『出口汪のマンガでわかるすごい! 記憶術 本当に頭がよくなる一生モノの勉強法』2017/2/18
出口汪 (著)

一生役立つ本物の勉強法を、マンガで分かりやすく教えてくれる本です。
ちょっと天然だけど、明るくて可愛い保険外交員の若い女性ヒナタちゃんの頑張る姿を見ているうちに、「世界一賢い勉強法」が分かっていきます(笑)。
物語は、明るさとガッツが武器のヒナタちゃんが、保険会社でいまいち成果を出せず、「頭が悪くて、覚えられないんです……」と悩んでいるところから始まります。
ところが、ある日、支店長の紹介で記憶のカリスマ・入口先生と出会うことで、「忘れない脳」へとグングン変わっていくのです。
その秘訣とは、ずばり「理解→記憶→実践」。
まず、一番大事な部分を理解して覚えます。一番重要な部分を覚えると、その周辺の事柄も理解できて記憶が絡み合い、雪ダルマ式に知識量が膨らんでいくのだそうです。つまり、細かい部分まで覚えるために、まず全体像をつかんで核となる部分を覚えるのが「理解」で、それを復習で「記憶」し、さらに「使う」「教える」などの「実践」で反復していくのです。
……意外に「普通の学習&記憶法」だなーと思ってしまいました(汗)が、「学ぶ(記憶)」ための反則的裏ワザなんて、あるわけがありませんよね……。
それでも、この本には、「エビングハウスの忘却曲線」や、「記憶には6時間以上の睡眠が必要」など、心理学をもとにした解説があるので、すごく説得力がありました。
また漫画の後には、文章+イラストによる丁寧な解説があり、さらに章ごとのまとめもついているので、時間がない方は、「まとめ」を読むだけでも、だいたいの内容が分かるようになっています。

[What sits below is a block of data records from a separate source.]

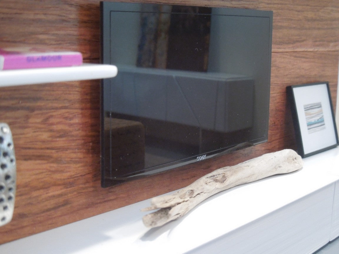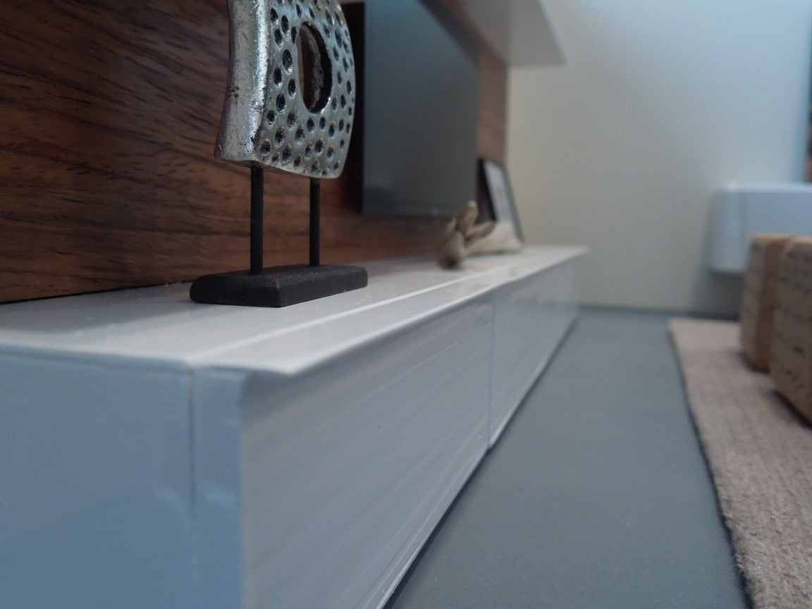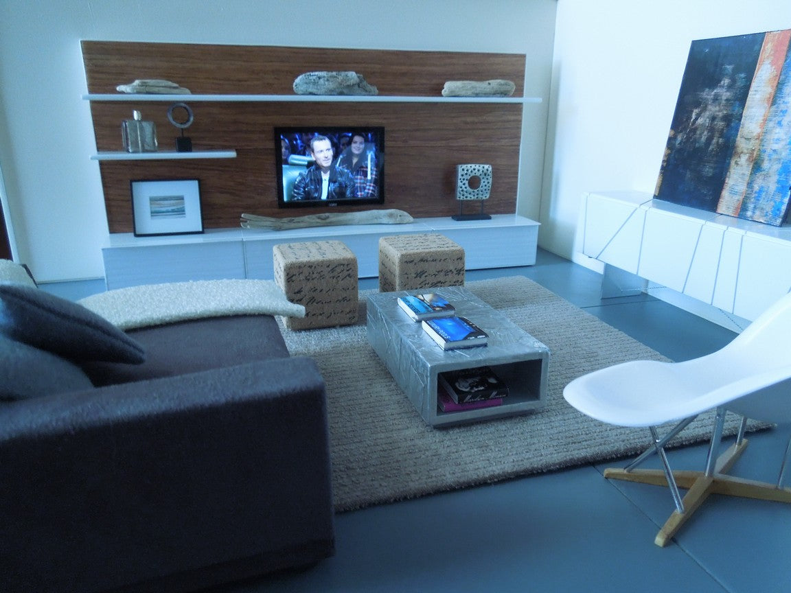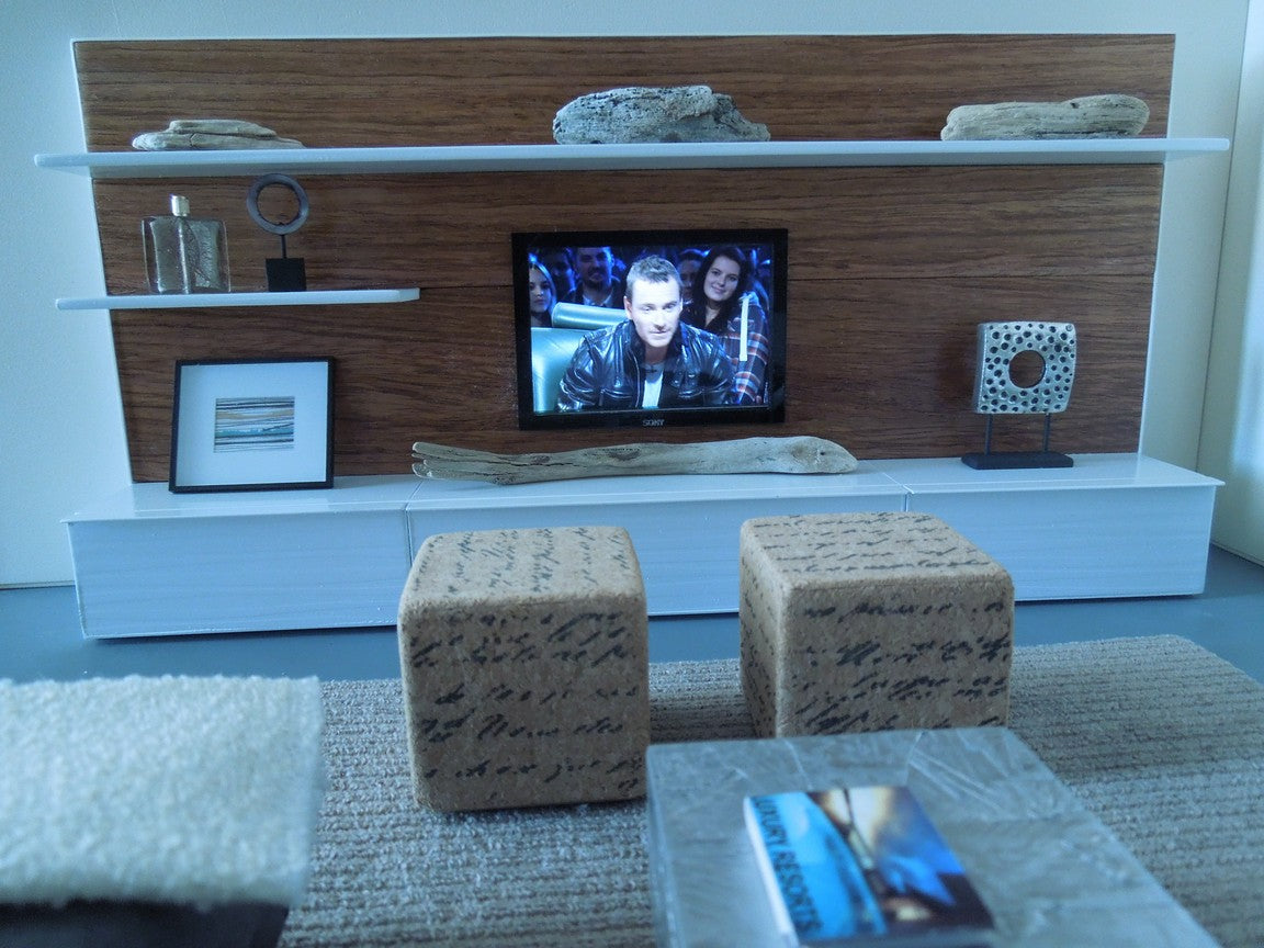 The SOHO entertainment unit is constructed of all white lower cabinets that have a wave pattern with a wood back wall accented by white shelves to display accessories (NOTE: cabinets do not open).The SOHO unit is available with a faux flat screen TV mounted to the back wall. Optional is an insert in the back of the unit to place an iPhone to play live video. Once the iPhone is in place it looks just like an actual TV! See the photos where there is a picture on the screen. Custom lengths/widths/heights are available, be sure to measure the space before ordering to ensure the custom unit will fit properly.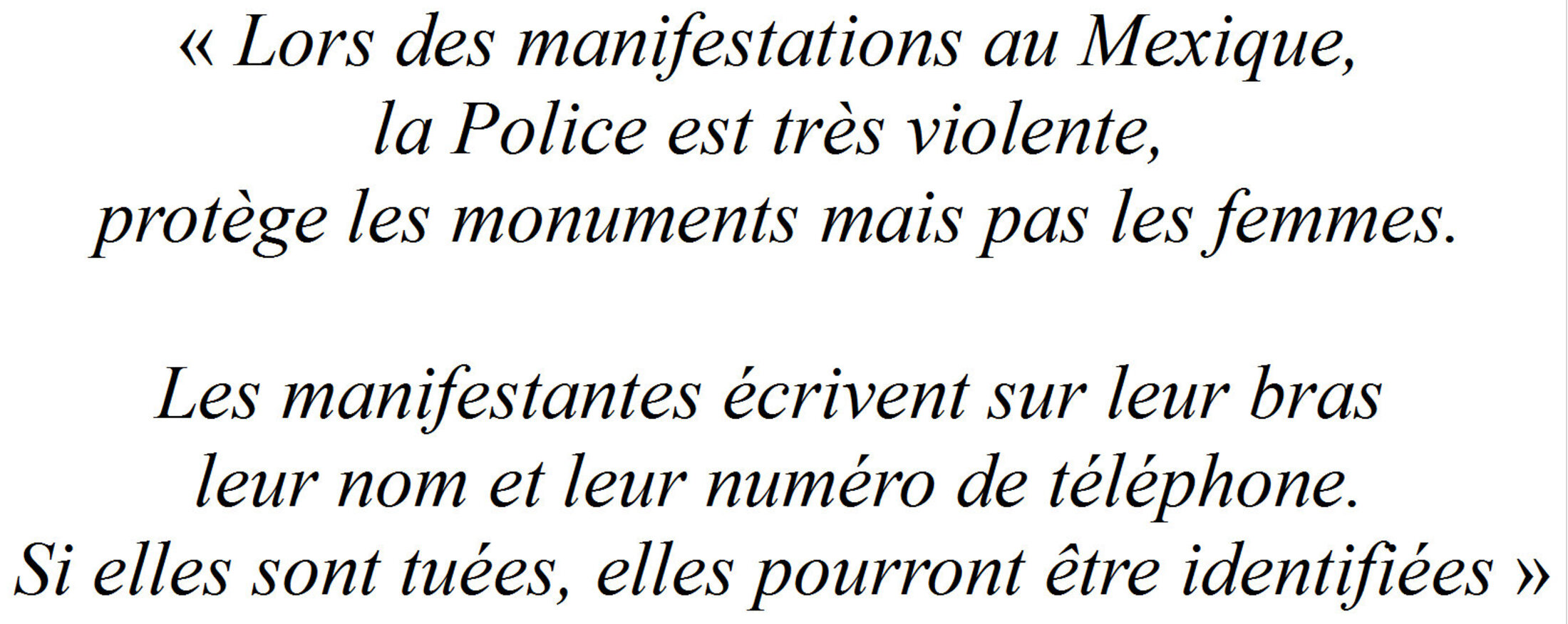 Parlant difficilement français et nous pas l'espagnol, elle nous a confié ces mots terribles qui disent la réalité tragique de la place des femmes dans d'autres régions du monde que nous ne pouvons ignorer ni oublier.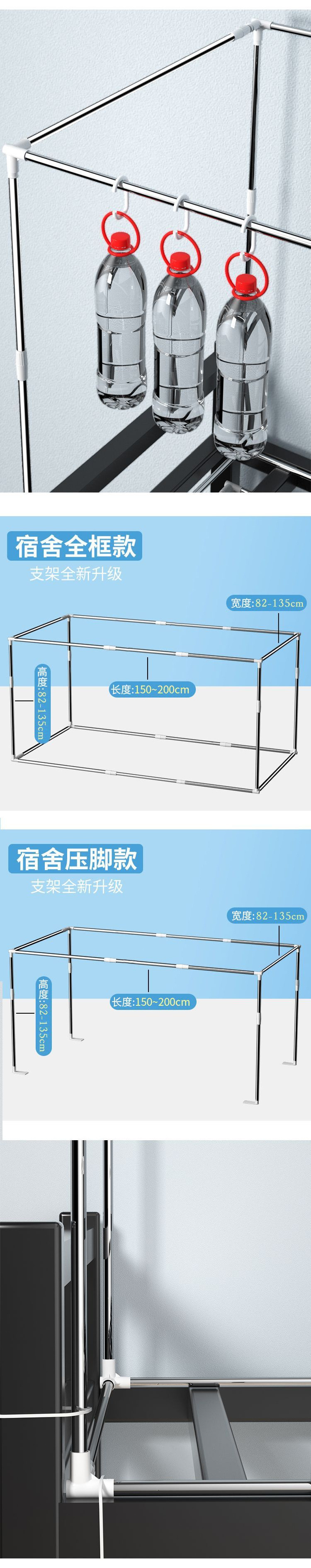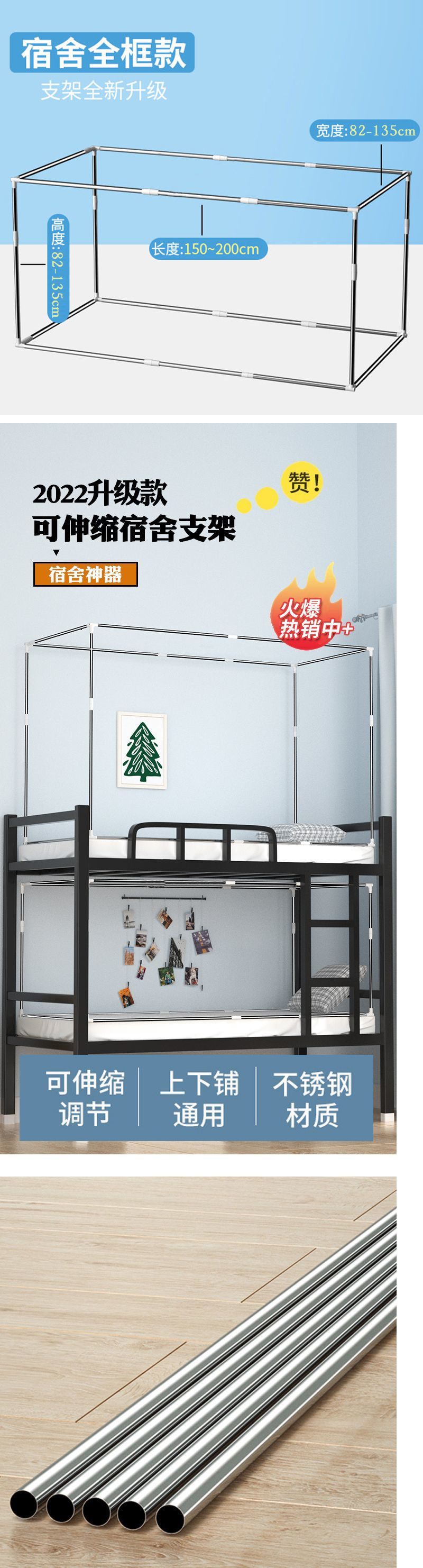 신축성 있는 스테인레스 스틸 선반 대학생 기숙사 침대 커튼 상단 레벨 브래킷 기숙사 모기장 지지대 두꺼워지고 두꺼워짐스토어 가기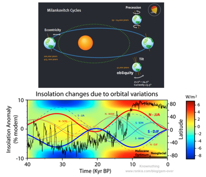 The changes in the background color (insolation) in the bottom illustration in figure 4 are mostly due to changes in Earth’s orbital obliquity and are approximately symmetrical with regard to the hemispheres. The changes due to obliquity determine how much insolation reaches the poles versus the tropics. Precession on the other hand affects the seasonal distribution of solar energy, so as you can see, the end of the last glacial period at the beginning of the Holocene 11,700 years ago was when obliquity and precession were maximal in the Northern Hemisphere. Maximal precession means the difference in the Northern Hemisphere summer and winter was maximal, the total insolation by latitude remains about the same. Maximal obliquity means both poles receive the maximum insolation they will get, at the expense of the tropics.

なかでも参考になったのは、「学習用のテキスト・参考書は、あれこれに手を出さず1冊をバイブルにして、4回でも5回でも読み込め!」という教え。……学生時代には、何冊かの問題集を買い込んでいましたが、確かにそれは「ダメな方法」でした。なせなら、どの問題集も「最初を少しやっただけ」で終わっていたから(汗)。よく考えると、「問題集を開く→少しやると嫌になる→他の問題集の方がいいのでは?と考える→他の問題集を買う→(最初に戻る)」を繰り返して、「やった気分」になっていただけだったのでした……。受験生のみなさん、参考書は一冊を徹底的にやりましょう! 学習がうまくいくだけでなく、お財布にも優しいですから☆ (私の屍を越えていけ……。)
その他にも「100倍覚えられるノート活用法」など、いろいろ役に立つ勉強法を教えてもらえる本で、とても参考になりました。「記憶力に王道なし。(理解した後は、)反復あるのみ」ですね……。
というわけで、すごく良い本なのですが、問題が一つ。作画のひなた水色さんの画力があまりに高すぎ、ヒナタちゃんがあまりにも可愛すぎて、時々見せる天然ボケっぷりも面白すぎで、読み直そうとすると、どうしてもヒナタちゃんの可愛い顔のページばかり見てしまい、にやにや笑いで終わってしまいがちなのです(泣)。困ったものですが、続編を出す時には、ぜひともヒナタちゃんの「その後」を見せて下さい!(お願いします)。
面白くて役に立つ「記憶術(勉強法)」でした。受験生の方はもちろん、すべての方にお勧めします。